1) Pasceri Dog Trainers has a July 31 fiscal year end and uses a perpetual inventory system with the earnings approach. An alphabetical list of its account balances at December 31, 2021, follows. All accounts have normal balances.

A. Pasceri capital

$156,500

Interest payable

$575

A. Pasceri drawings

29,600

Interest revenue

3,000

Accounts payable

7,600

Merchandise inventory

41,250

Accounts receivable

38,900

Note payable

46,000

Accumulated depreciationequipment

33,400

Notes receivable

75,000

Cash

30,875

Rent expense

62,000

Cost of goods sold

247,500

Salaries expense

45,000

Depreciation expense

8,350

Sales

450,000

Equipment

83,500

Sales discounts

4,500

Freight out

6,055

Sales returns and allowances

11,250

Insurance expense

3,195

Unearned revenue

4,800

Interest expense

2,300

Utilities expense

12,600

Additional information:

  1. All adjustments have been recorded and posted except for the inventory adjustment.
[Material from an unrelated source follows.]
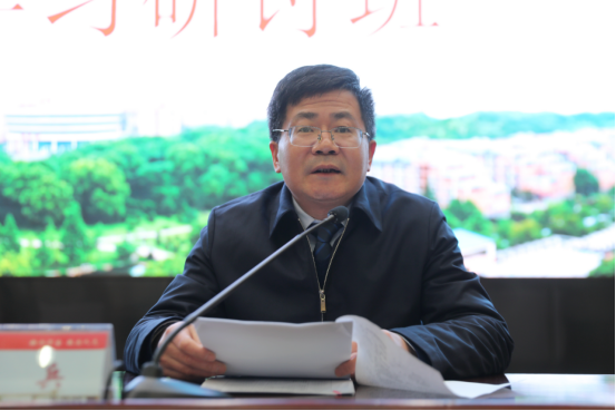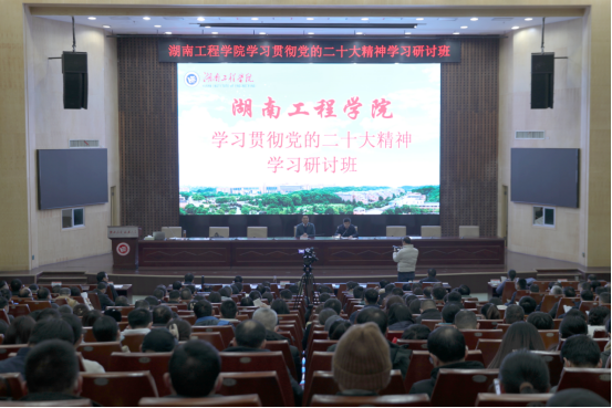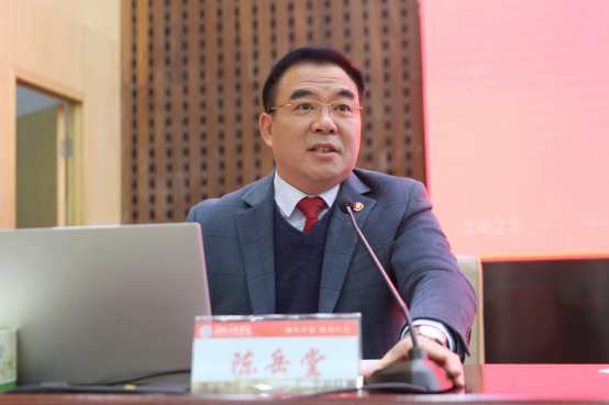 奋进新征程,展现新担当。为深入学习贯彻习近平新时代中国特色社会主义思想和党的二十大精神,引导广大党员干部、全体师生坚定信念、同心同德、埋头苦干、奋勇前进,推动学校各项工作高质量发展,2月16日上午,beat365学习贯彻党的二十大精神研讨班在一报告厅开班。原党委书记陈岳堂教授主讲第一课,党委副书记、校长易兵主持。在校校领导、党委委员、中层以上干部,教研室主任、副主任,科级干部、岗位负责人、专职组织员参加。

According to the inventory count, the business has $40,000 of merchandise on hand.
  2. Last year Pasceri had a gross profit margin of 40% and a profit margin(on Net Income) of 10%.

Instructions

a.journalize any additional required adjusting entries and update the account balances.

b.Prepare multiple step income statement.

c.Calculate gross profit margin % and profit margin %. Compare with last year's margins and comment on the results. (Hint: You will have to calculate gross profit separately.)